_SOURCE DATA_
-*-

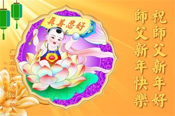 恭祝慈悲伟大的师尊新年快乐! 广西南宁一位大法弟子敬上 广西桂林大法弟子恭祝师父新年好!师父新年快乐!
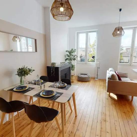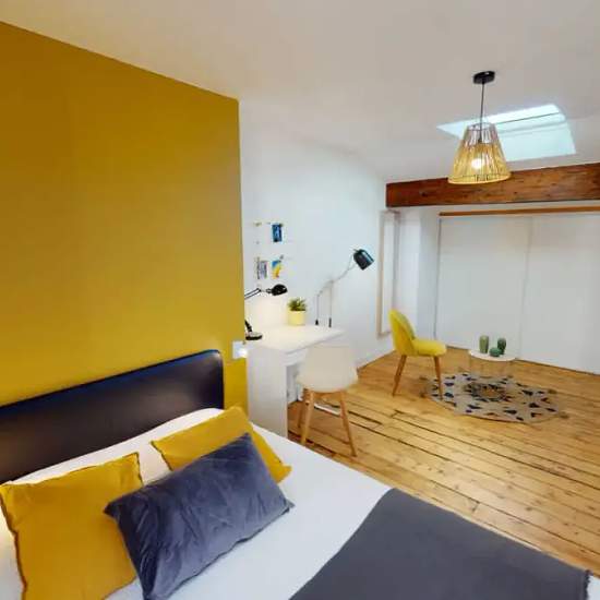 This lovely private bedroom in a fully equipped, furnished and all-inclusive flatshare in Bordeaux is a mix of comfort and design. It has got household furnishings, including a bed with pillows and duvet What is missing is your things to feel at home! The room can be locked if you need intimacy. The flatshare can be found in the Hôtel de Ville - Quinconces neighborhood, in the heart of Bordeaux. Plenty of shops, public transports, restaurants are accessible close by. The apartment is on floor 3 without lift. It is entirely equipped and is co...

-*-

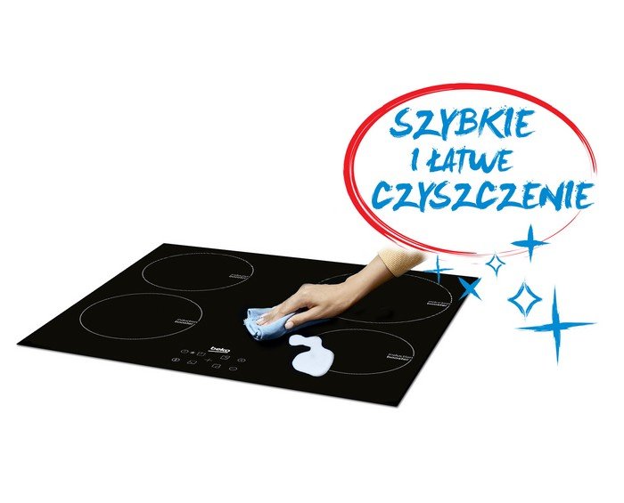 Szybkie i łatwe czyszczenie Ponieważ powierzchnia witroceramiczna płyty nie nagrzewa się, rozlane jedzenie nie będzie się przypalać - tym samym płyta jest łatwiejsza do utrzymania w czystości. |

-*-

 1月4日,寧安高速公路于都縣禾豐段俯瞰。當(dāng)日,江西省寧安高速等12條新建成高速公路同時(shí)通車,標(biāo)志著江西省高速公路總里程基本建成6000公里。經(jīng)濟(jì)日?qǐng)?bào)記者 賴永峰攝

-*-

_YOUR TASK_
Produce an exact reproduction of the listing above, limited to the lines starting at the line with "恭祝慈悲伟大的师尊新年快乐! 广西南宁一位大法弟子敬上 广西桂林大法弟子恭祝师父新年好!师父新年快乐!" and ending at the line with "This lovely private", both kept, with every picture left out.

_SOLUTION TO THE PROBLEM_
 恭祝慈悲伟大的师尊新年快乐! 广西南宁一位大法弟子敬上 广西桂林大法弟子恭祝师父新年好!师父新年快乐!
 This lovely private bedroom in a fully equipped, furnished and all-inclusive flatshare in Bordeaux is a mix of comfort and design. It has got household furnishings, including a bed with pillows and duvet What is missing is your things to feel at home! The room can be locked if you need intimacy. The flatshare can be found in the Hôtel de Ville - Quinconces neighborhood, in the heart of Bordeaux. Plenty of shops, public transports, restaurants are accessible close by. The apartment is on floor 3 without lift. It is entirely equipped and is co...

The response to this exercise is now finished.